16 Jul 2022
by Anon

As a person who was interested in archaeology at a young age, I have been trying to become an archaeologist for about half my life. Throughout this time, I have learned that there are different paths for becoming an archaeologist in the United States versus the United Kingdom.

I started my journey in the United States going to a four-year liberal arts university majoring in anthropology because the archaeology department was combined under the umbrella of the anthropology department. This is because, in the United States, there are four subcategories of anthropology: archaeology, cultural anthropology, biological anthropology and linguistic anthropology. At university, I found that even though the anthropology department may have 20 faculty members, maybe 5 of them were archaeologists all working in a similar area of the world. This meant that in a term, I might take one or two archaeology courses, and the remainder of my courses were from different categories of anthropology or general requirements because the university was a liberal arts school. A field school was not a requirement to graduate and would cost anywhere from a few hundred or thousands of dollars. My university had two field schools, one was in the United States, and the other was in Armenia. Neither field school interested me, so I started looking for my own.
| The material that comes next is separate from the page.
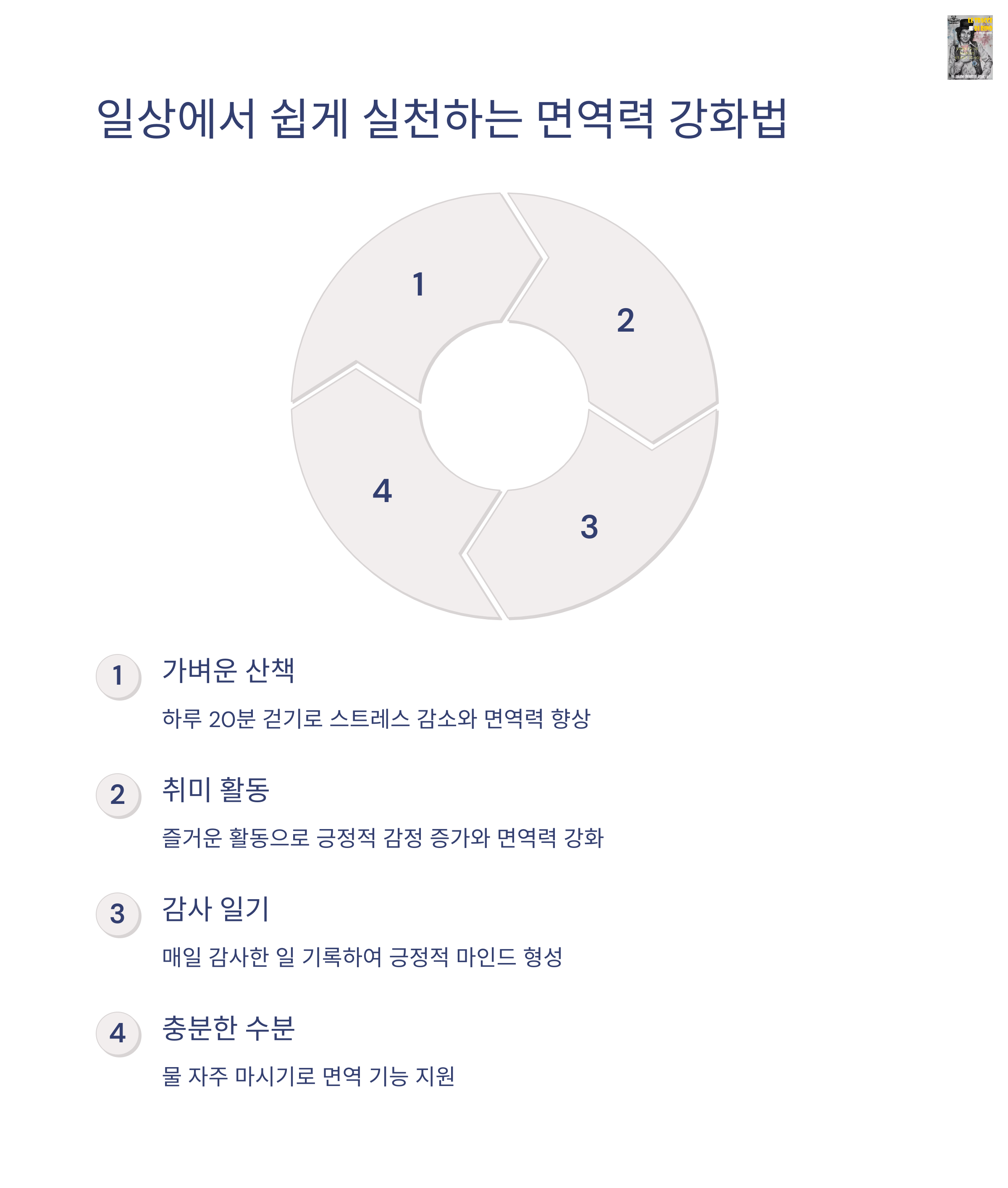 깊은 호흡, 감사 일기 쓰기, 긍정적인 생각 유지 등 간단한 실천이 면역 체계를 보호하는 데 도움을 줍니다.

I ended up finding one in the UK that really interested me, and it was the University of Liverpool field school. This is when I learned about all the differences between archaeology in the UK and US. When I got there and met the other students on the field school, I learned that the field school was a requirement for their course and they were doing a degree in archaeology and did not take courses in all the other parts of anthropology. I also learned that their bachelors were only three years compared to mine, which was four years. I also discovered masters degrees are only one year compared to in the US they are two years. This is when I decided that a one year cheaper masters program was precisely what I wanted to do once I finished my bachelors because even though I took archaeology courses, I felt like I was just scratching the surface of all the information I wanted to know. Even though both countries have a very different way of teaching archaeology, the combination of both I believe was the best way for me to get my education.